大鈴の音が響き渡つたのは間も無くであつた。生徒は互ひに上草履鳴して、我勝《われがち》に体操場へと塵埃《ほこり》の中を急ぐ。軈《やが》て男女の教師は受持受持の組を集めた。相図の笛《ふえ》も鳴つた。次第に順を追つて、教師も生徒も動き始めたのである。高等四年の生徒は丑松の後に随《つ》いて、足拍子そろへて、一緒に長い廊下を通つた。
(三)
応接室には校長と郡視学とが相対《さしむかひ》に成つて、町会議員の来るのを待受けて居た。それは丑松のことに就いて、集つて相談したい、といふ打合せが有つたからで。尤《もつと》も、郡視学は約束の時間よりも早く、校長を尋ねてやつて来たのである。
校長に言はせると、何も自分は悪意あつて異分子を排斥するといふ訳では無い。自分はもう旧派の教育者と言はれる一人で、丑松や銀之助なぞとはずつと時代が違つて居る。今日とても矢張自分等の時代で有ると言ひたいが、実は何時《いつ》の間にか世の中が変遷《うつりかは》つて来た。何が可畏《こは》いと言つたつて、新しい時代ほど可畏いものは無い。あゝ、老いたくない、朽《く》ちたくない、何時迄《いつまで》も同じ位置と名誉とを保つて居たい、後進の書生輩などに兜《かぶと》を脱いで降参したくない。それで校長は進取の気象に富んだ青年教師を遠ざけようとする傾向《かたむき》を持つのである。

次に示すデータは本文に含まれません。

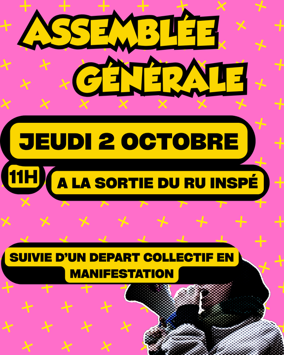 Les étudiant.es de l'AG INSPé appelle à une Assemblée Générale à 11h avant de partir ensemble à la manif appelée par l'intersyndicale.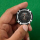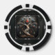 The Art Deco Tree of Life design. A stylized tree of life in silver metal with intricate details. The twisted trunk is textured and rests on a geometric base. The branches are decorated with red and green jewels, while the leaves shimmer in a bluish-green hue. The dark gray background highlights the design, which is framed by an elegant Art Deco border with geometric patterns.
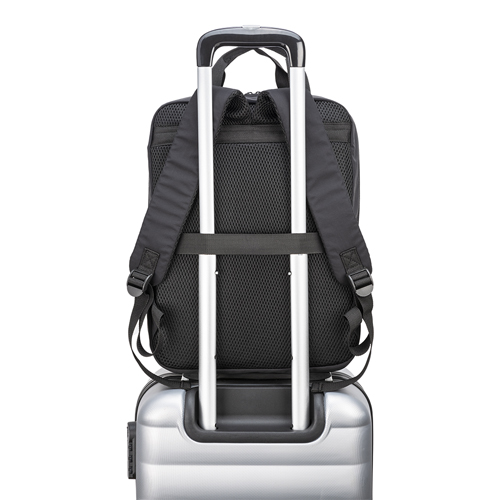 Zaino porta PC 15" in poliestere e nylon 280D con compartimento imbottito per notebook e sistema di aggancio ai trolley.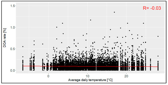 The average daily temperature in Northern Germany for all the transports differed from -6.6 °C to 28.1 °C, showing a mean value of 11.0 °C (Figure 8). The confidence interval ranged from -1.8 °C to 24.3 °C. The correlation was 0.03, indicating that there was no relation between the average daily temperature in Northern Germany and the DOA rate. Transports below 0 °C (3.4% of all the transports) and above 25 °C (0.8% of all the transports) were rare.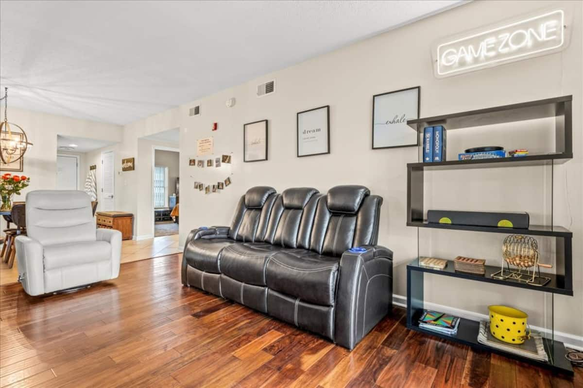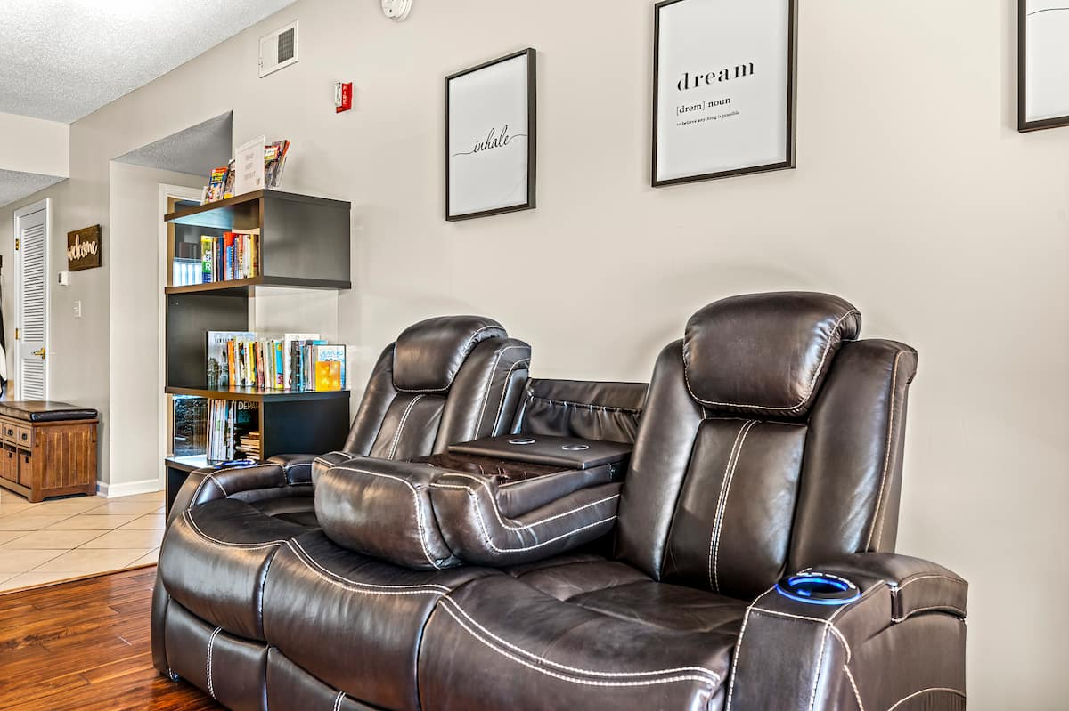 ✓ Living room with theater-style seating, 55″ Smart TV, and fireplace
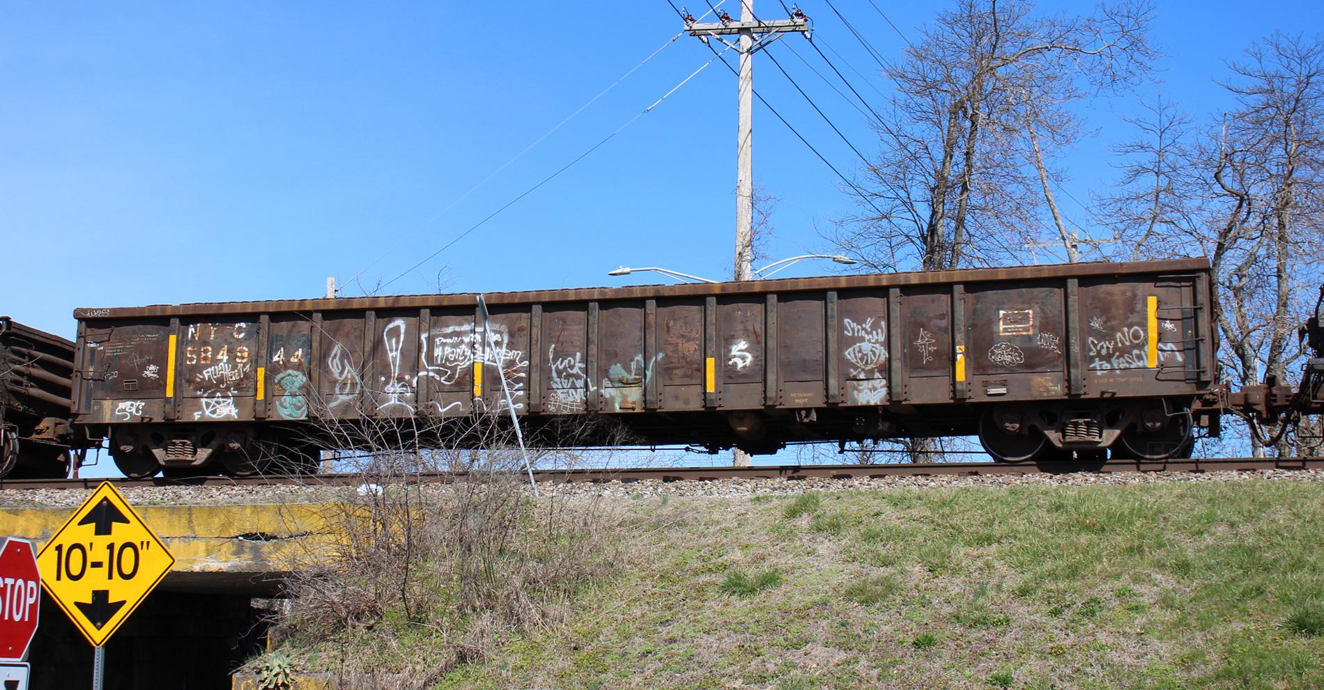 NYC 584944 is seen in the consist of CSX Q439-13 at Newark, DE on 3/14/20. Car is ex CR 584944/SB 6114 and was built 5-80.

のみならず、丑松や銀之助は彼の文平のやうに自分の意を迎へない。教員会のある度に、意見が克《よ》く衝突する。何かにつけて邪魔に成る。彼様《あん》な喙《くちばし》の黄色い手合が、校長の自分よりも生徒に慕はれて居るとあつては、第一それが小癪に触る。何も悪意あつて排斥するでは無いが、学校の統一といふ上から言ふと、是《これ》も亦《ま》た止むを得ん――斯う校長は身の衛《まも》りかたを考へたので。

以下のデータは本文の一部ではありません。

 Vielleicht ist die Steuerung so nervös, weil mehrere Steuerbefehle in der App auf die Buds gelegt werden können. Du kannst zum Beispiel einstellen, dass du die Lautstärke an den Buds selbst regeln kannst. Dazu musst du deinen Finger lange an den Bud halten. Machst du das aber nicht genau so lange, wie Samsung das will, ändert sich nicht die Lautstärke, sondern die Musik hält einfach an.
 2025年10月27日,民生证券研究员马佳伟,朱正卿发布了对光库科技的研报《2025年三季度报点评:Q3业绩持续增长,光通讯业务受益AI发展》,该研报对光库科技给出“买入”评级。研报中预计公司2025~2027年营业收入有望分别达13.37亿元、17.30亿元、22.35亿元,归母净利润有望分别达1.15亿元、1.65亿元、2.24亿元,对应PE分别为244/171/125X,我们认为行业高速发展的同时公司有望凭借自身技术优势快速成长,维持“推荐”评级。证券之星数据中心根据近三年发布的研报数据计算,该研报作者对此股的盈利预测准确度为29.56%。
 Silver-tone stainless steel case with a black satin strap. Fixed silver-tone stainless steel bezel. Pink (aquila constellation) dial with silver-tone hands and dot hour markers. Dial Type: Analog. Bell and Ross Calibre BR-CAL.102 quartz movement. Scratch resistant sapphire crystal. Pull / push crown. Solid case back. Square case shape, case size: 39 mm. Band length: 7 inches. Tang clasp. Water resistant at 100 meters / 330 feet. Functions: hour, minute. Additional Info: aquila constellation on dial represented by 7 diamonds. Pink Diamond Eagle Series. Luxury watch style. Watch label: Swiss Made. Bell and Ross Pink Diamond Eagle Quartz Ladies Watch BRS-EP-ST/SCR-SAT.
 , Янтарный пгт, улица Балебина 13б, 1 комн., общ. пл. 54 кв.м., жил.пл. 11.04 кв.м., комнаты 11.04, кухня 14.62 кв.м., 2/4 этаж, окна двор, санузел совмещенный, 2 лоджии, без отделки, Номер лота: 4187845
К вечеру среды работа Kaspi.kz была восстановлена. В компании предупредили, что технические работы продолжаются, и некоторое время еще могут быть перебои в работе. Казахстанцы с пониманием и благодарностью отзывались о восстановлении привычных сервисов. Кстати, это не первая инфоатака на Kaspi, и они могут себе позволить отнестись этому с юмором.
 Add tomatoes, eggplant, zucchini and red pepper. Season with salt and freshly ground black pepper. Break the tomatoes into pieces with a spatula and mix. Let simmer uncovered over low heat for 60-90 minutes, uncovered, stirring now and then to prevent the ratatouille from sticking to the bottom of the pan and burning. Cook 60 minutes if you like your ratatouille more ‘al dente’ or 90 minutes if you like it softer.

『町会議員も最早《もう》見えさうなものだ。』と郡視学は懐中時計を取出して眺め乍ら言つた。『時に、瀬川君のこともいよ/\物に成りさうですかね。』
この『物に』が校長を笑はせた。
『しかし。』と郡視学は言葉を継《つ》いで、『是方《こつち》から其を言出しては面白くない。町の方から言出すやうになつて来なければ面白くない。』
『其です。其を私も思ふんです。』と校長は熱心を顔に表して答へた。